From: Eric Brunner-Williams <brunner () nic-naa net>
Date: Fri, 01 Jun 2012 08:46:06 -0400

On 5/31/12 10:52 PM, John Levine wrote:
What will drive the price up is the lawsuits that come out of the
woodwork when they start trying to enforce their provisions. "What? I
have already printed my letterhead! What do you mean my busted DKIM
service is a problem?"
History suggests that the problem will be the opposite.  They will
find that the number of registrations is an order of magnitude less
than their worst case estimate (a problem that every domain added in
the past decade has had), and they will make the rules ever looser to
try to gather more registrations and appease their financial backers
until it's yet another meaningless generic TLD.

agree.

For concrete examples, see what happened to .AERO, .TRAVEL, .PRO, and

start with .biz as its re-purposing occurred first.

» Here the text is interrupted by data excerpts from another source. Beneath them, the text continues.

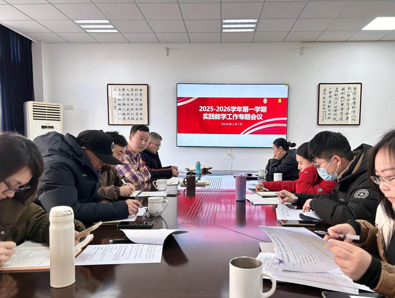 2026年1月7日上午,艺术学院召开2025-2026学年第一学期实践教学工作专题会,教学副院长杨子奇主持,各系正副系主任及教学办工作人员参会。
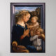 This painting is on display in the Uffizi Museum. It shows a praying Virgin Mary. Two angels are holding the child Jesus in front of Mary. Mary and Jesus both seem to be lost in their thoughts. Mary is depicted in a very elegant way compared to earlier paintings. For example, look at her sweet facial expression and the graceful veils and pearls in her hair. Notice also the halo above the heads of Mary and Jesus. These halos are just a simple circle and mark the transition between the solid gold discs used in earlier work and the disappearance of the halo in later Renaissance paintings. The angel on the right seems to giggle and watch the viewer directly in the eyes. Mary, Jesus, and the angels are depicted in front of a window, which can easily be mistaken for the frame of this painting. In the background, you can see a landscape inspired by Flemish paintings.
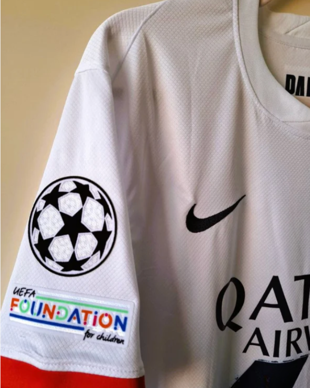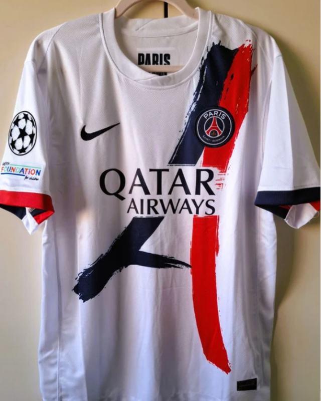 The Paris Saint-Germain 2024–25 jersey worn with number 2 by ACHRAF HAKIMI pays tribute to the rich history of the Parisian club. Adorned with the Champions League patch, it honors the Eiffel Tower while being elevated by the personalization of the phenomenal Moroccan player, adding an extra touch of prestige.
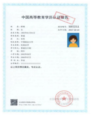 《中国高等教育学历认证报告》示例
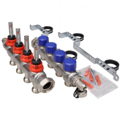 Fraenkische 4 ağızlı debi göstergeli paslanmaz çelik kolektör, yerden ısıtma sistemlerinde güvenli ve verimli dağıtım sağlar.
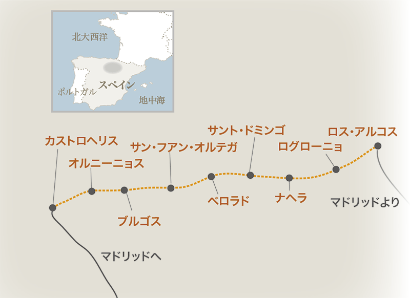 「美食の都」と呼ばれるリオハ州の州都ログローニョ、世界遺産の大聖堂があるブルゴス、“にわとり伝説”の残るサント・ドミンゴ等、各町の魅力も多彩です。
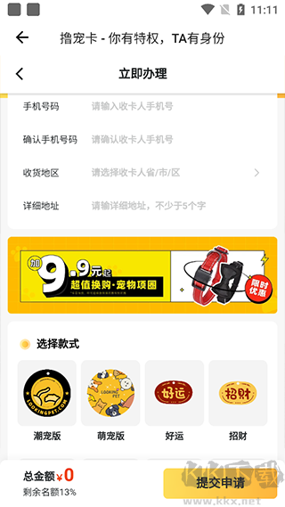 3、填寫個(gè)人信息,選擇款式,接著點(diǎn)擊【提交申請(qǐng)】,之后請(qǐng)耐心等待接收快遞。
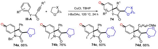 - Wei, W.-T.; Song, R.-J.; Ouyang, X.-H.; Li, Y.; Li, H.-B.; Li, J.-H. Copper-catalyzed oxidative ipso-carboalkylation of activated alkynes with ethers leading to 3-etherified azaspiro [4.5]trienones. Org. Chem. Front. 2014, 1, 484–489. [Google Scholar] [CrossRef]
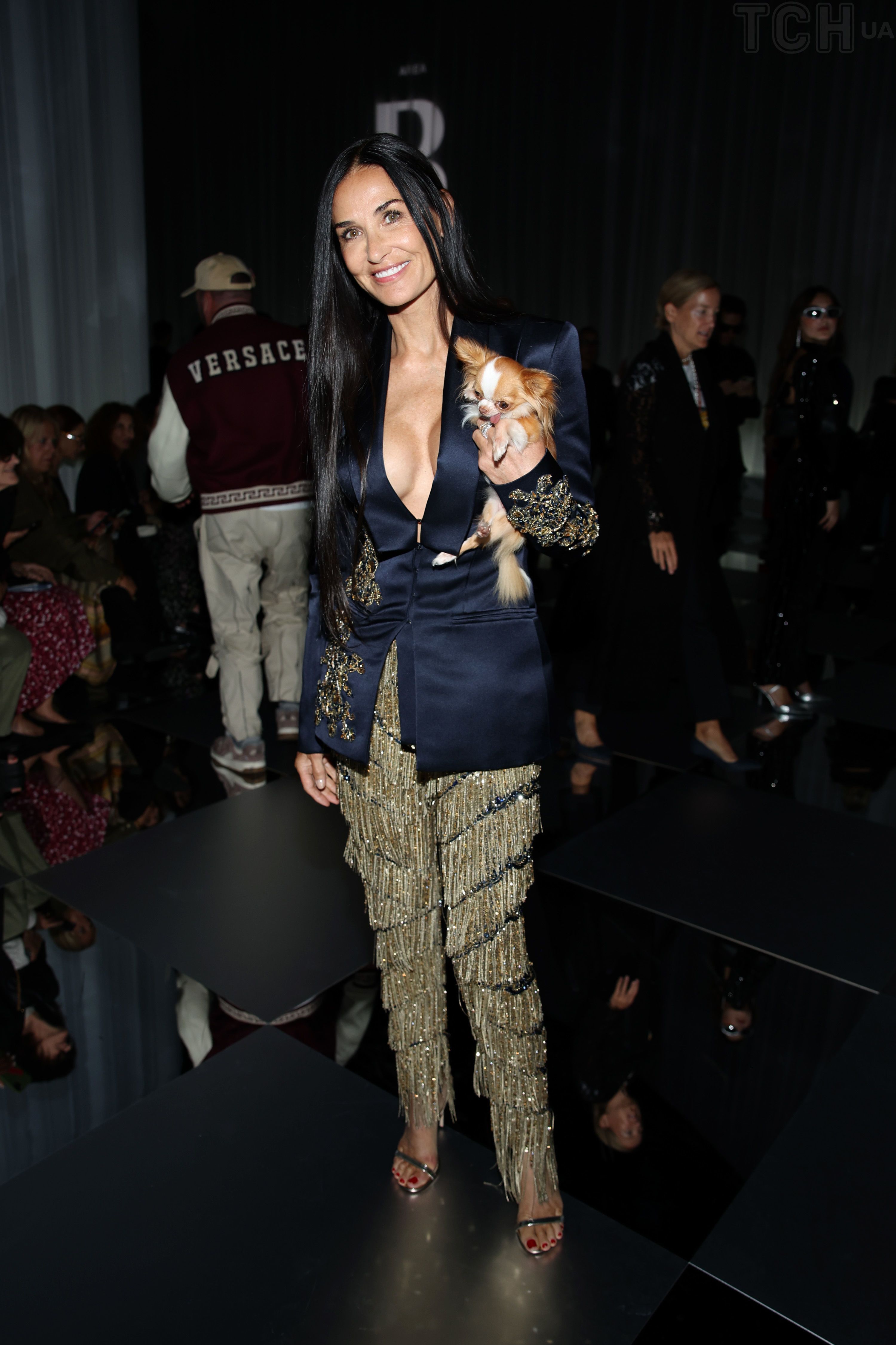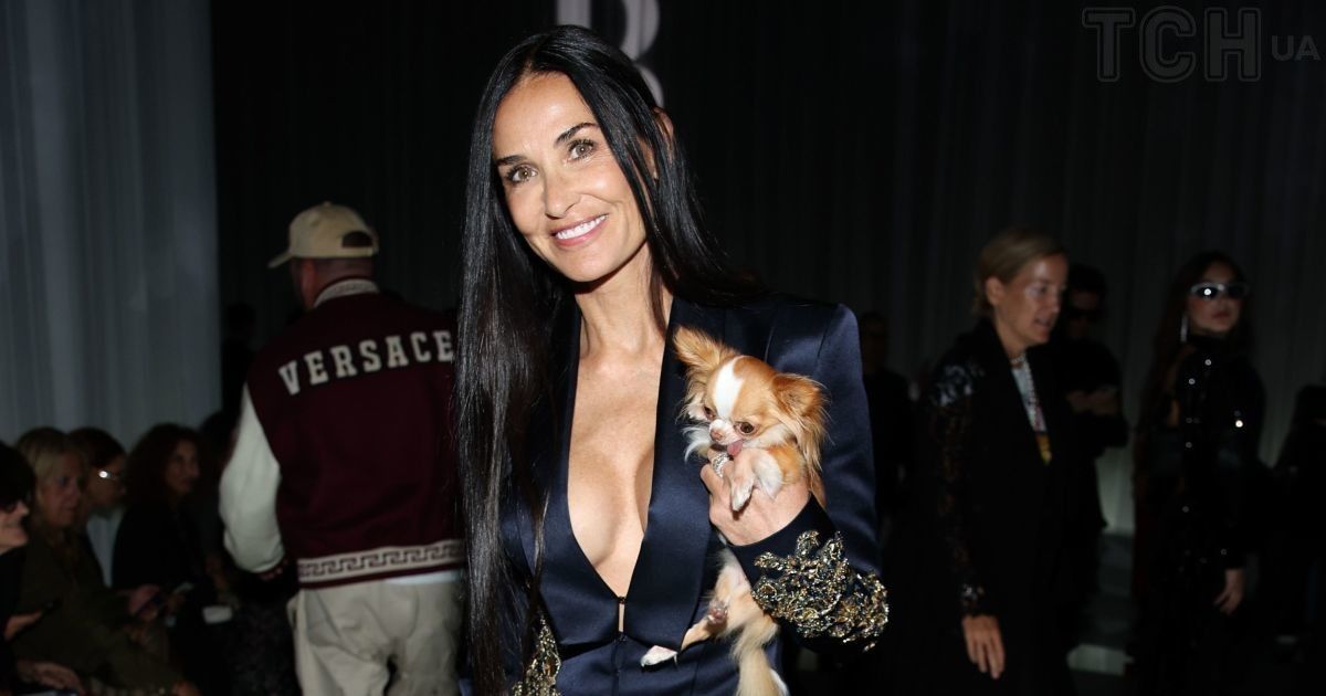 Ого, какая: 60-летняя Деми Мур пришла на модное шоу в жакете с откровенным декольте и собачкой под мышкой

of course the race to the bottom of first regular SSL certificates,
and now green bar certificates.

What might be useful would be .BANK, with both security rules and
limited registrations to actual banks.  Identifying banks is
relatively* easy, since you can use the lists of entities that
national bank regulators regulate.

agree. proposed by core. opposed by aba.

R's,
John

* - I said relatively, not absolutely.

even within the financial services industry, useful taxonomies exist,
e.g., ethical banks, islamic banks, depositor owned cooperative banks,
... again, proposed by core. opposed by aba. and you _were_ on the
high security generic top-level domain working group where you pushed
for anti-spamdom and i for forms of "more secure banking".